Но композитор не мог сказать ей ничего существенного. Он удивлялся ее уму и ее взыскательности и строгости к себе, и восхищался ее голосом — таким неслыханно выразительным, с таким редким для сопрано грудным тембром, и восхищался ее вокальным мастерством, которое поистине казалось безграничным. И думал о том, что лучшей исполнительницы для роли Абигаиль ему не найти.
До начала репетиции оставалась одна минута. Хористы перестали разговаривать. В фойе стало тихо. Слышно было, как ливень потоками льет по окнам. Синьора Беллинцаги наклонилась к тенору Миралье.
— Возмутительно! — зашептала она. — Мы все простудимся. Разве можно репетировать в нетопленном фойе? Я буду жаловаться!
Тенор Миралья так берег голос, что не отвечал ни слова. Только кивал головой и улыбался.
Джузеппина Стреппони мельком взглянула на синьору Беллинцаги. Синьора Стреппони не чувствовала холода. Свою роскошную, вышитую цветами и сказочными птицами шаль она повесила на спинку кресла.
Вошел Эудженио Каваллини с партитурой под мышкой. «Надо очень точно установить темпы, маэстро, — сказал он композитору. — Репетиций с оркестром будет всего три; из них третья — генеральная.»

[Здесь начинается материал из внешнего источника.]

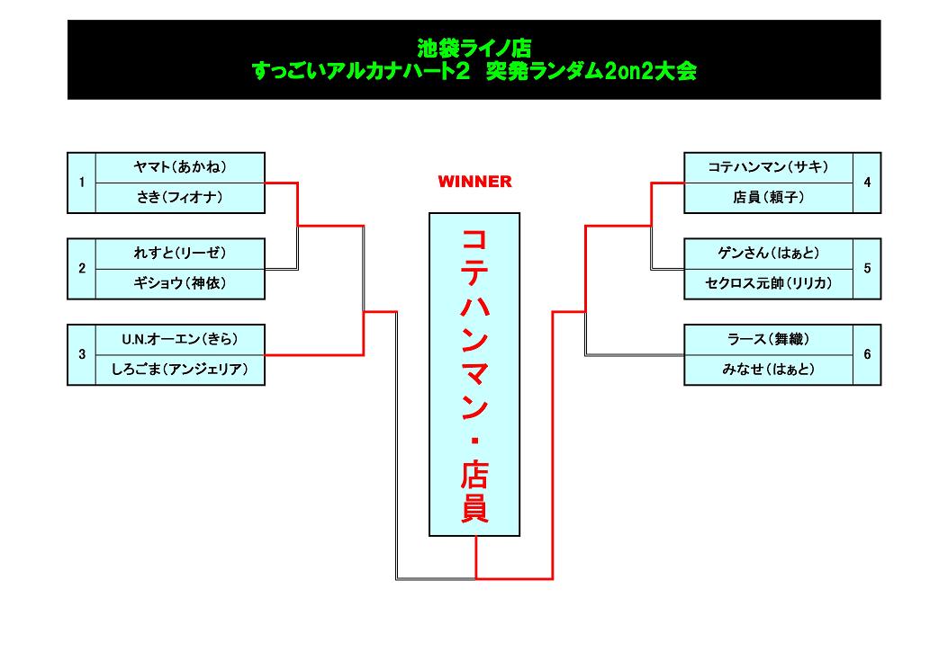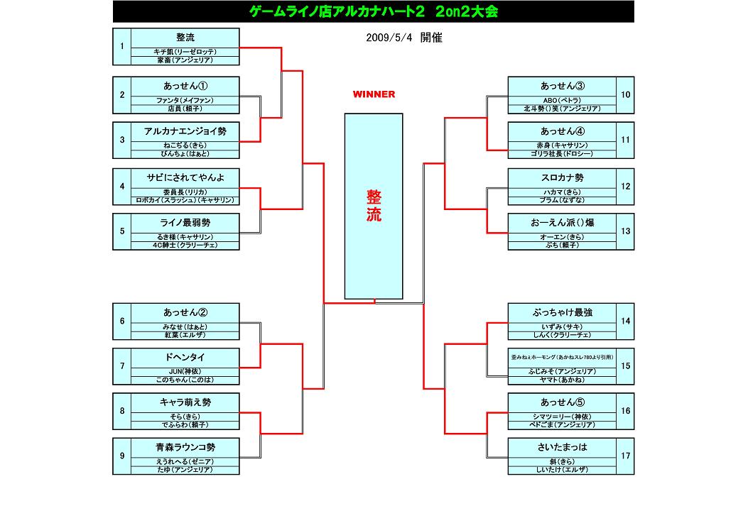 5月4日に行われた「」すっごいアルカナハート2.6」2on2大会の結果です。

Джованни Байетти сел за чембало. Он был вторым концертмейстером и заменял маэстро Паниццу, когда тот был нездоров. Эудженио Каваллини хотел, чтобы композитор вместе с ним смотрел в партитуру, но Верди сел за чембало рядом с Байетти. Репетиция началась ровно в девять. Хор пел по нотам, но звучность была отличной. Из солистов только одна синьора Стреппони знала свою партию наизусть. Ронкони не поднимал глаз от нотной тетради, которую держал в руках. Он еще не мог оторваться от привычных путеводных знаков. Синьора Беллинцаги выучила свою партию очень чисто и добросовестно, и только один Деривис чувствовал себя неуверенно и плохо знал музыкальный текст, особенно в ансамблях. Он приехал только накануне и еще не успел позаняться с репетитором. И теперь он старался как можно внимательнее следить за своей партией и пел вполголоса. Композитор смотрел на него с плохо скрываемой неприязнью. Что если он провалит роль Захарии, этот Деривис? Это было бы тем более обидно, что внешние данные артиста не оставляли желать ничего лучшего. Он был молод и очень хорош собой, бас Деривис, с большими выразительными глазами и величественной осанкой, и голос у него был мягкий и мощный.

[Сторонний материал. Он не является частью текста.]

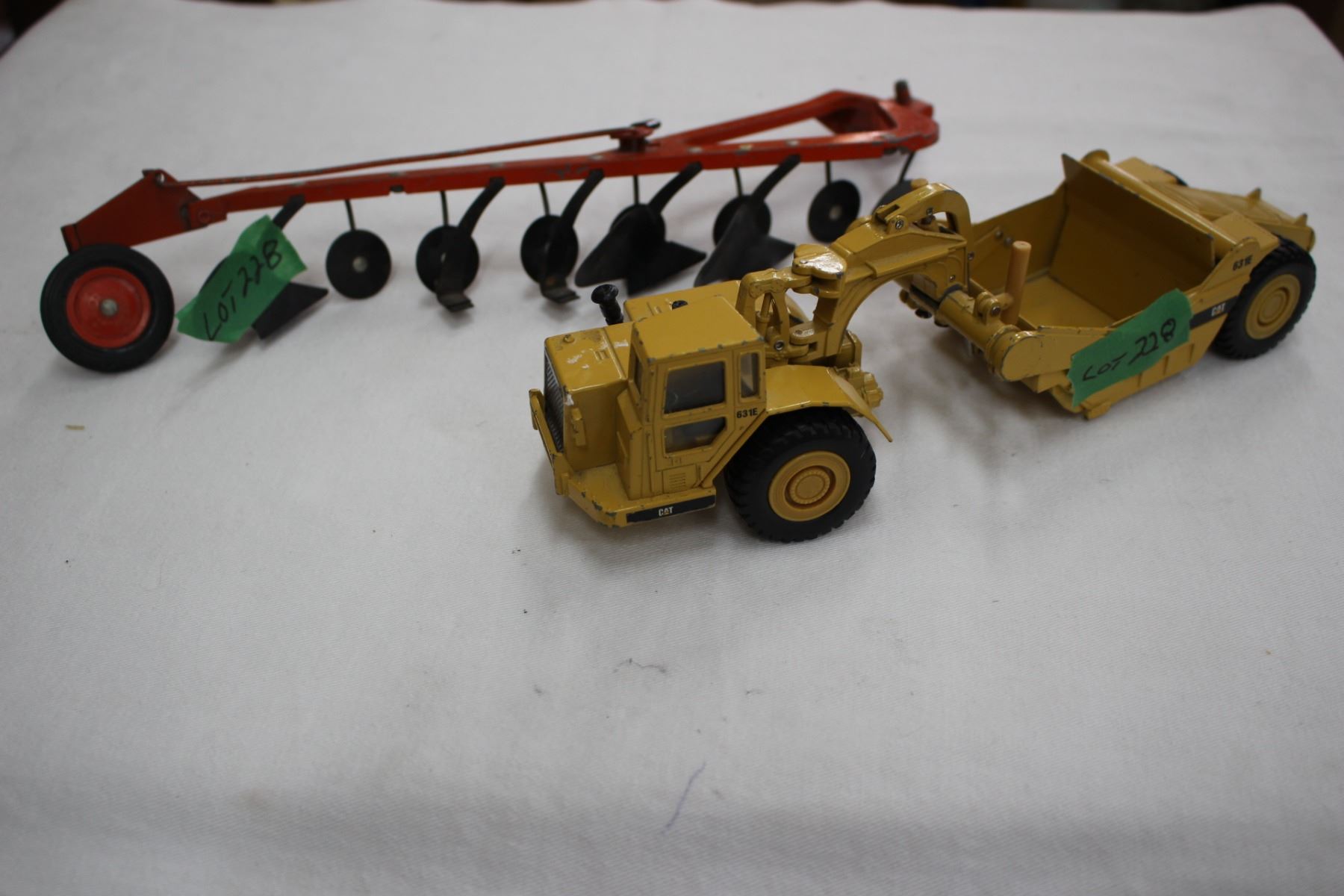 Ertl Die Cast Metal Model of a Cat 631E Earth Mover and a Ertl Cultivator

Деривис поймал на себе строгий, полный укоризны взгляд композитора.
— Не беспокойтесь, маэстро, — сказал он, — денька два, и все пойдет. Времени много. Сегодня двадцать седьмое, а премьера девятого. — Он улыбался самым приветливым образом, был непосредственным и добродушным.
Репетиция прошла благополучно, но композитор был очень недоволен. Он находил эту первую читку своей музыки до чрезвычайности вялой и лишенной жизни.

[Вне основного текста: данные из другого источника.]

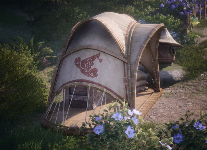 On the tent to the left of Timis' Beauty Lab when looking at it from Aventura's location, you can see the actual logo. It's a "witch" hat that includes two hearts and a four-petaled flower.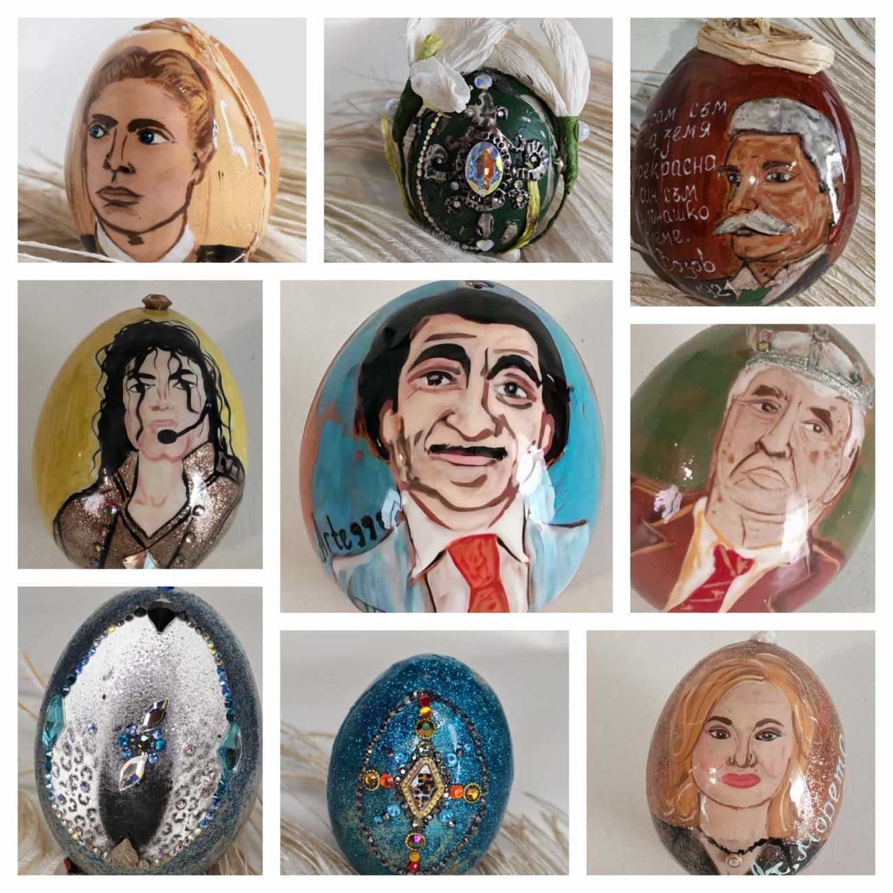 Особено въздействаща е серията „Яйца с послания“ . Това е селекция от мисли и цитати, вплетени в деликатната форма на яйцето, превръщайки го в носител на идеи . Сред изобразените личности се открояват Тодор Колев, Стоянка Мутафова, Георги Парцалев и неподражаемият Майкъл Джексън.

Он пообедал в ближайшем кафе и, не заходя домой, вернулся в театр работать с солистами. Роль Захарии очень его беспокоила. Сумеет ли Деривис хорошо справиться с ней? Но, поработав с певцом в течение часа, композитор понял, что дело обстоит не так уж безнадежно. Деривис оказался очень понятливым. Он не щадил голоса и с удовольствием впевался в партию Захарии. Она пришлась ему по душе. Артист был очень приятным, скромным человеком.
— Не беспокойтесь, маэстро, — говорил он с готовностью, — через денька два я все выучу.
На другой день композитор проводил репетицию сам. Он поставил хор перед собой, а солистов пригласил стать по обе стороны чембало. Байетти стоял тут же. Каваллини сидел в кресле с партитурой «Навуходоносора» на коленях. Дирижер оркестра уже накануне внимательно прислушивался к тому, что говорил композитор, и делал в партитуре какие-то пометки.
Сегодняшняя репетиция сильно отличалась от вчерашней. Воля композитора чувствовалась во всем. Верди заставил хор петь полными голосами и произносить слова со смыслом.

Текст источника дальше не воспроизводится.